> Work instruction
For this exercise, output exactly and only the lines running from the one with "롯데리아 할인 '든든점심'" through the final line of the data below, without pictures.

> Data shown
====
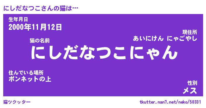 | 肩書あだ名 | 『にしだなつこ店長』『にしだなつこ班長』 |
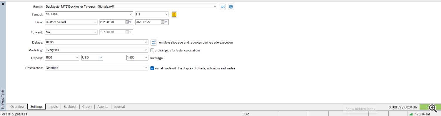 - Open the Strategy Tester in MT4 or MT5, attach the EA, and point it to the signals file.
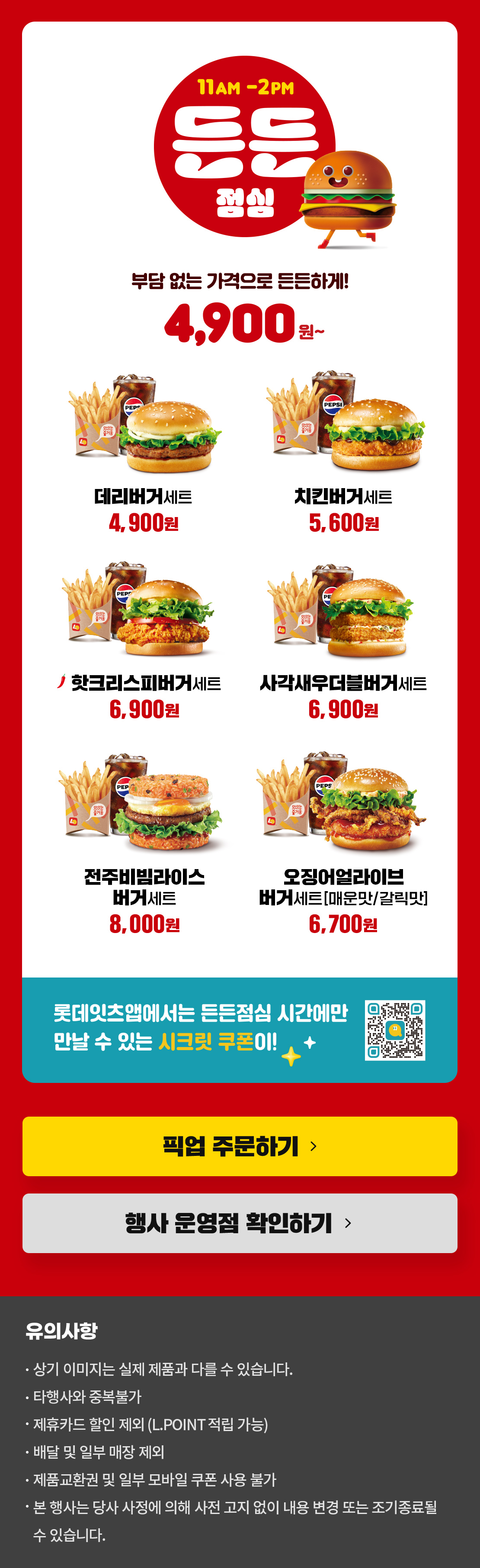 롯데리아 할인 '든든점심' 메뉴 및 가격 (오징어 얼라이브버거, 사각새우 더블버거, 전주비빔라이스버거 외)
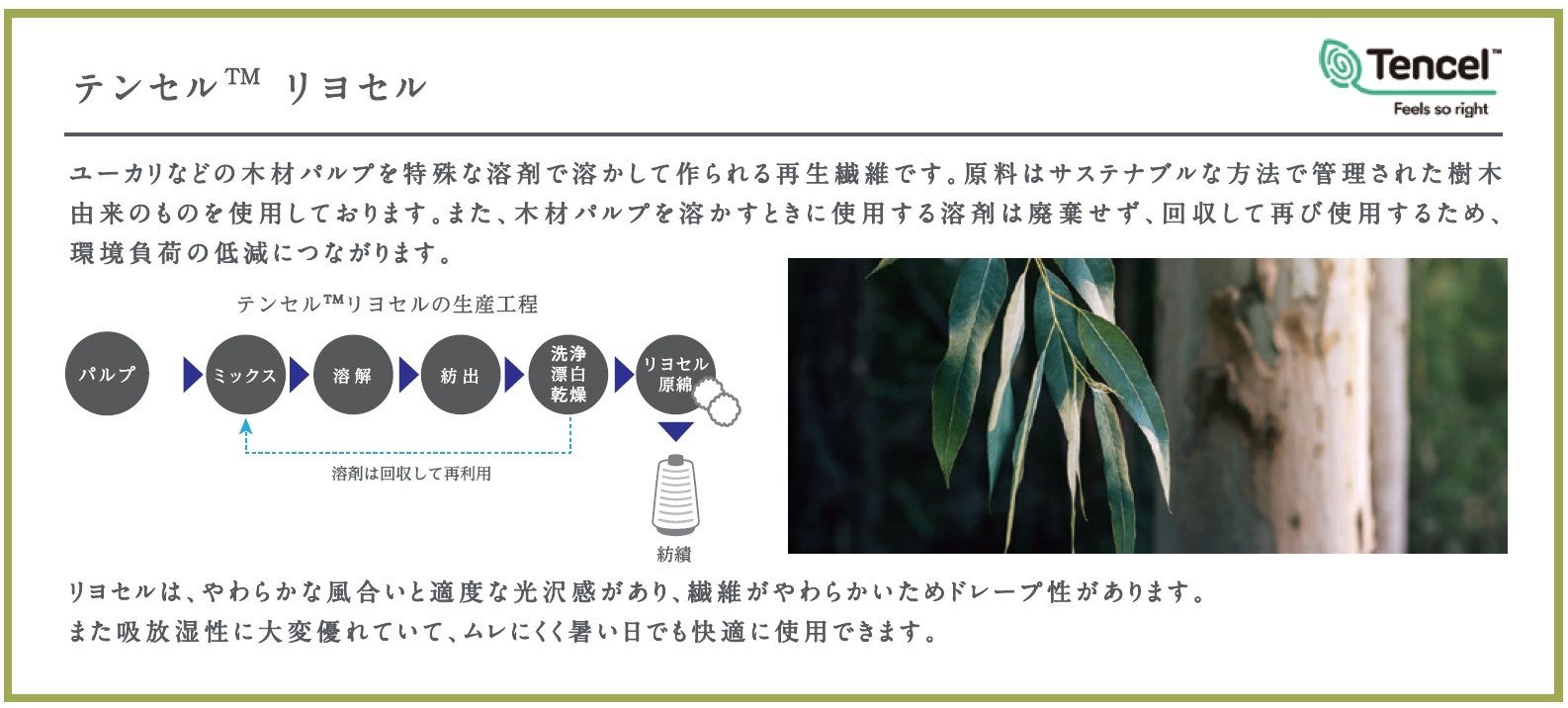 新アイテムのキルトケットとガーゼケットにはユーカリなどの木材パルプから作られる「テンセル™リヨセル」を使用。吸水性に優れ、蒸れにくい特長があります。ソフトな風合いや光沢感、ドレープ性のある柔らかな手触りが特徴で、肌に優しく快適な睡眠空間をサポートします。
====
> Task answer
 롯데리아 할인 '든든점심' 메뉴 및 가격 (오징어 얼라이브버거, 사각새우 더블버거, 전주비빔라이스버거 외)
 新アイテムのキルトケットとガーゼケットにはユーカリなどの木材パルプから作られる「テンセル™リヨセル」を使用。吸水性に優れ、蒸れにくい特長があります。ソフトな風合いや光沢感、ドレープ性のある柔らかな手触りが特徴で、肌に優しく快適な睡眠空間をサポートします。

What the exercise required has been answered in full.